Die meisten Menschen glauben zu wissen, was sie nur glauben; und können nicht glauben, was andere alles wissen.


Quelle: "UNREINE GEDANKEN III"
© Jens Schiermann


Modernisiert.
Man mag heutzutage - im Zeitalter der freien Marktwirtschaft - den Ausspruch Vauvenargues „Der Handel ist die Schule des Betrugs“ für allzu radikal halten, doch letzten Endes ist die Ökonomie die Lehre vom Gewinn des Nullsummenspiels in seiner ursprünglich spieltheoretischen Bedeutung: was einer gewinnt, hat ein anderer verloren; immer. Ethische Einwände sind kontraprofitabel.

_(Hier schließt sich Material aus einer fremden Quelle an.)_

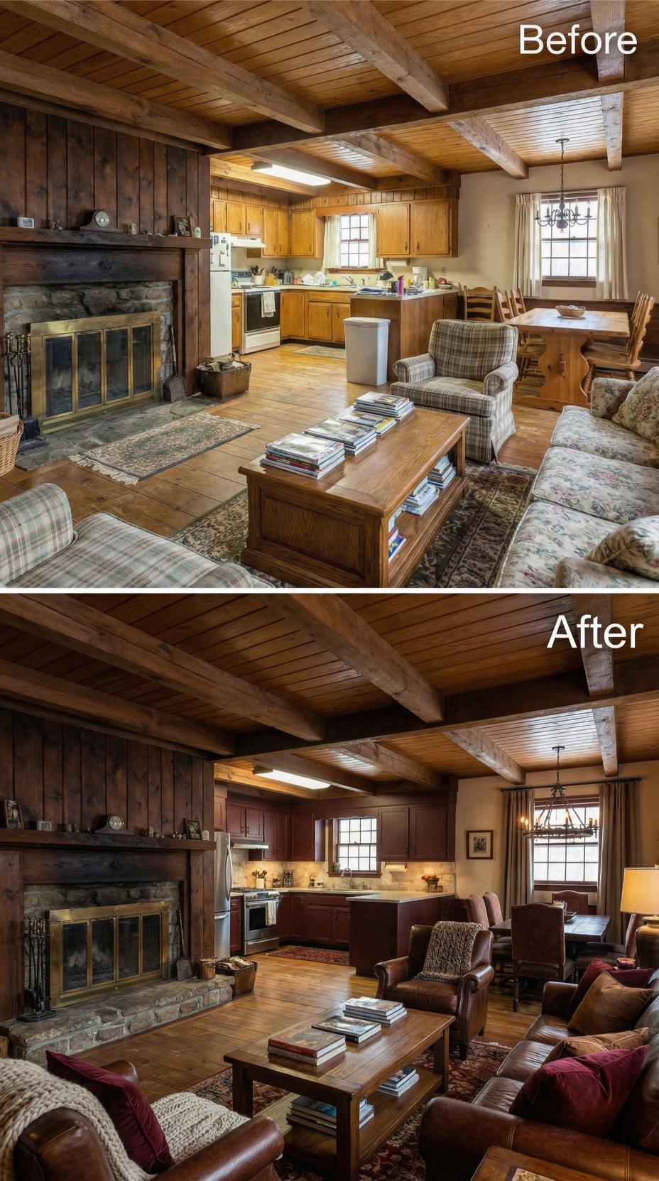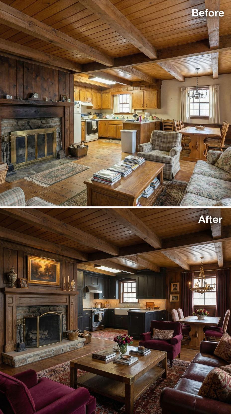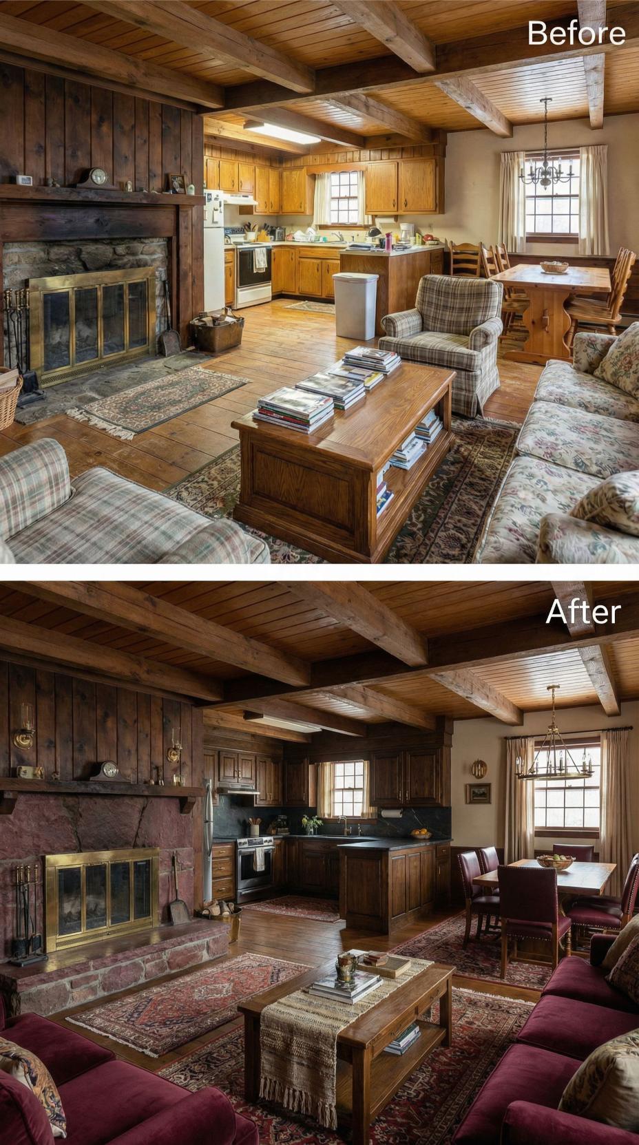Bold burgundy velvet seating replaces outdated floral patterns, instantly elevating this rustic cottageโs sophistication level. Dark walnut kitchen cabinetry with brass hardware creates dramatic contrast against the warm wood beams, while rich Persian rugs anchor both living and dining zones. Refined accessories and deeper color palette transform the dated cottage atmosphere into an inviting, luxurious retreat.

Quelle: "UNREINE GEDANKEN II"
© Jens Schiermann


U oder E.
Unterhaltung oder Erkenntnis - eines von beidem sollte mir ein Buch bieten, wobei die Einschränkung gilt, dass Erkenntnis auch immer einen unterhaltenden Effekt besitzt, gute Unterhaltung dagegen nicht unbedingt auch mit reicher Erkenntnis aufwartet.


Quelle: "UNREINE GEDANKEN III"
© Jens Schiermann


Zum Dessert.
Die meinen, die Weisheit mit Löffeln gegessen zu haben, hatten sich meist in der Speisekarte versehen. Es war nur Wackelpeter.


Quelle: "UNREINE GEDANKEN III"
© Jens Schiermann


Empfehlung an die Alten: nicht das Gedächtnis, sondern das Denken trainieren. Wer denkt, erinnert sich.


Quelle: "UNREINE GEDANKEN II"
© Jens Schiermann


Verborgene Motive.
So mancher Großzügige ist dies aus Eitelkeit und nur vor Publikum; mancher Großherzige ist dies aus Konfliktscheu; und mancher Gönner gönnt aus Egoismus.


Quelle: "UNREINE GEDANKEN II"
© Jens Schiermann


Meisterhaft.
Nur wer ernsthaft spielt, spielt spielerisch.


Quelle: "UNREINE GEDANKEN II"
© Jens Schiermann


Oberflächlich?
Die anderen sehen dich nicht klarer als du selbst; sie sehen dich nur anders: von außen.


Quelle: "UNREINE GEDANKEN II"
© Jens Schiermann


In schlechter Gesellschaft. Einsam ist, wer nicht allein sein kann.


Quelle: "UNREINE GEDANKEN II"
© Jens Schiermann


Inhuman.
Die praktische Handhabung der edlen Grundsätze von Ethik und Moral in der christlichen Kirche war und ist partiell zutiefst unethisch und unmoralisch.


Quelle: "UNREINE GEDANKEN II"
© Jens Schiermann


Vorurteile.
Ein Leben ohne Vorurteile ist nicht möglich; aber man sollte sie nicht für Wahrheiten halten.


Quelle: "UNREINE GEDANKEN"
© Jens Schiermann


Disziplin und Gehorsam. Frühzeitig muss der kindliche Wille gebrochen werden („Kinder mit ’nem Willen, kriegen was auf die Brillen“), damit die späteren Erwachsenen vergessen, dass sie mal einen hatten.


Quelle: "UNREINE GEDANKEN II"
© Jens Schiermann


Unvollkommen.
Zu wirklicher Vollkommenheit und Eleganz fehlte ihm das Schlichte.


Quelle: "UNREINE GEDANKEN"
© Jens Schiermann


Unzucht –
ist das rassistisch zu verstehen? Nicht deutsch, nicht arisch, nicht züchtig? Schlechte Zucht? Falsche Rasse? Undeutsch? Unarisch? Unzucht? Unsinn.


Quelle: "UNREINE GEDANKEN"
© Jens Schiermann


Ermüdend.
Besserwisser, die nicht besser wissen, sind tragische Figuren. Die ärgsten Besserwisser jedoch sind die Halbbesserwisser.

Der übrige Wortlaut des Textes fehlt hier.